Aynı zaman noktasından örnekleri sütunlara dikey olarak ve farklı zaman noktalarından yatay olarak ekleyin. Bu, plaka başına sekiz adede kadar numuneye ve beş zaman noktasına izin verir. Numuneleri ve standartları içeren kuyucukların her birine 100 mikrolitre eklemek için yeterli miktarda malakit yeşil meliptat fosfat tespit reaktifini çıkarmak için steril bir pipet kullanın.

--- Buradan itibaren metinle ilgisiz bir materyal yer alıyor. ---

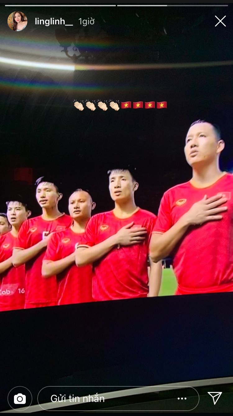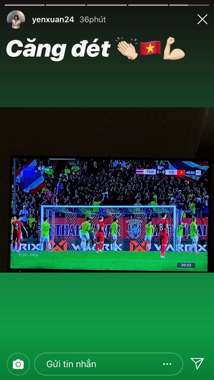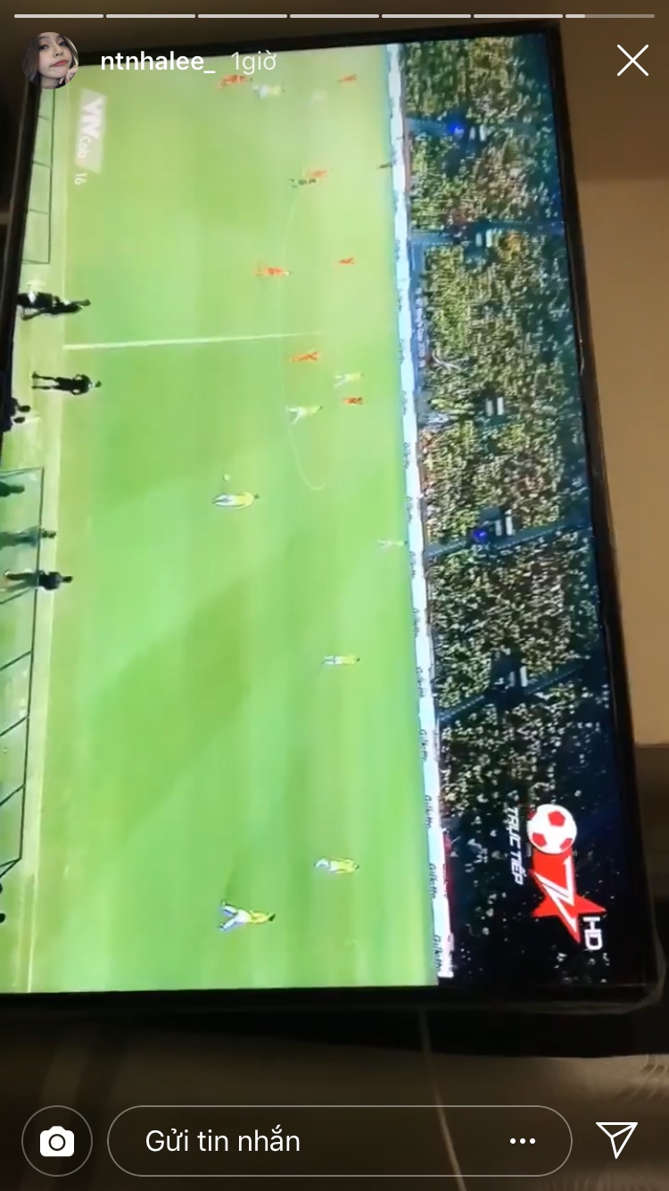 Không chỉ có Yến Xuân, Nhật Lê - bạn gái của Quang Hải cũng đang hồi hộp theo dõi trận đấu trước màn ảnh nhỏ. Các Wags của ĐTVN hiện có vẻ rất lo lắng cho các cầu thủ khi phải thi đấu ở xa và mình không thể đến theo dõi trực tiếp được.

Çok kanallı bir pipet kullanarak kolay pipetleme için algılama reaktifini bir tabağa ekleyin. Fosfat kontaminasyonu meydana gelme olasılığı yüksek olduğundan, algılama reaktifini doğrudan tabağa dökmeyin. Çok kanallı bir pipet kullanarak, her bir oyuğa 100 mikrolitre fosfat algılama reaktifi ekleyin ve son zaman noktasından ilk zaman noktasına kadar sırayla çalışarak, kabarcıklar eklemeden tutarlı sayıda yukarı ve aşağı pipetleyerek dikkatlice karıştırın.

Plakayı oda sıcaklığında 25 dakika veya üreticinin talimatlarına göre bırakın. Sonuçları ölçmek için, bir emicilik mikro plaka okuyucu kullanarak numunelerin 650 nanometrede absorbansını okuyun. Kinetik ve son nokta ATPazların temsili sonuçları gösterilir, burada tip iki sekresyon ATPase / EPSE'nin vahşi tip ve mutant formlarının aktivitesi, uyarıcı bir kardiyolipinin varlığında ve yokluğunda belirlenir.

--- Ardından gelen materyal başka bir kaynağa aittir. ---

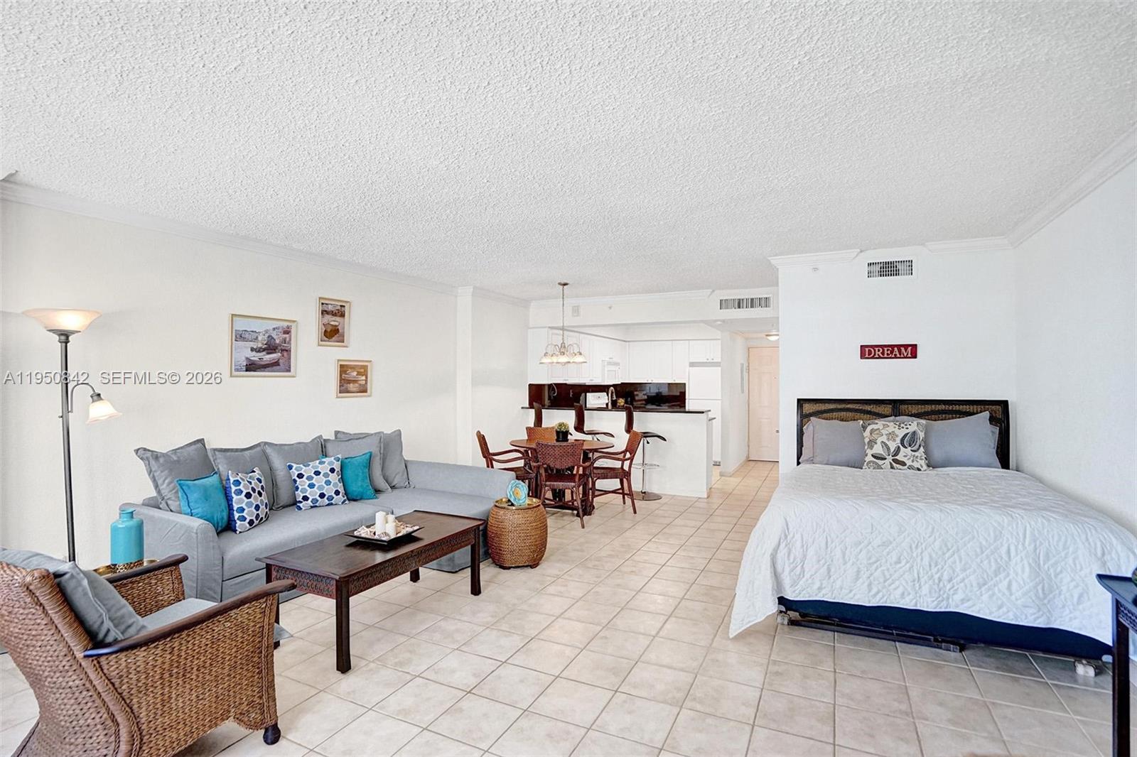 Available January 30, 2026 for Annual Rent. Bright and spacious furnished Studio with breathtaking ocean & intracoastal views available for Seasonal rent. This studio does not have a balcony. Experience The Wave Lifestyle - one of the finest and most exclusive Luxury buildings on the Beach for the price value. Great amenities: Newly remodeled Resort style pool deck with lash palm trees, fountains, Jacuzzi and GYM overlooking the ocean and complimentary Beach services

Burada gösterilen, kinetik kardiyolipin ile uyarılmış bir ATPaz'ın sonuçlarıdır, vahşi tip EPSE ve bir çift lizin mutantı için zaman içinde doğrusal fosfat salınımını gösterir ve sığır serum albümini negatif kontrol olarak işlev görür. Bu veriler, her bir proteinin ATPaz aktivitesini ölçmek ve karşılaştırmak için dakikada salınan fosfat miktarının protein konsantrasyonuna bölünmesi olarak temsil edilebilir. Veriler, iki lizin kalıntısının, K417 ve K419'un, EPSE'nin kardiyolipin ile uyarılan ATPaz aktivitesine katkıda bulunduğunu göstermektedir.

Kardiyolipin stimülasyonu olmadan aynı proteinlerin ATPaz aktivitesinin karşılaştırılması, bu iki lizin kalıntısının EPSE'nin düşük bazal aktivitesine katkıda bulunmadığını, bunun yerine proteinin kardiyolipin tarafından uyarılma kabiliyetine katkıda bulunduğunu göstermektedir. Bu videoyu izledikten sonra, saflaştırılmış proteinlerin ATPaz aktivitesinin nasıl hızlı ve doğru bir şekilde ölçüleceğini iyi anlamış olmalısınız. Bu prosedürü denerken, fosfat tespit reaktifinin hassasiyetini dikkate almak önemlidir.

Fosfat kontaminasyonunu önlemek için, tek kullanımlık plastik malzeme ve ultra saf su kullanmanızı ve protein saflaştırmasının ardından boyut dışlama veya iyon değişim kromatografisi yapmanızı öneririz.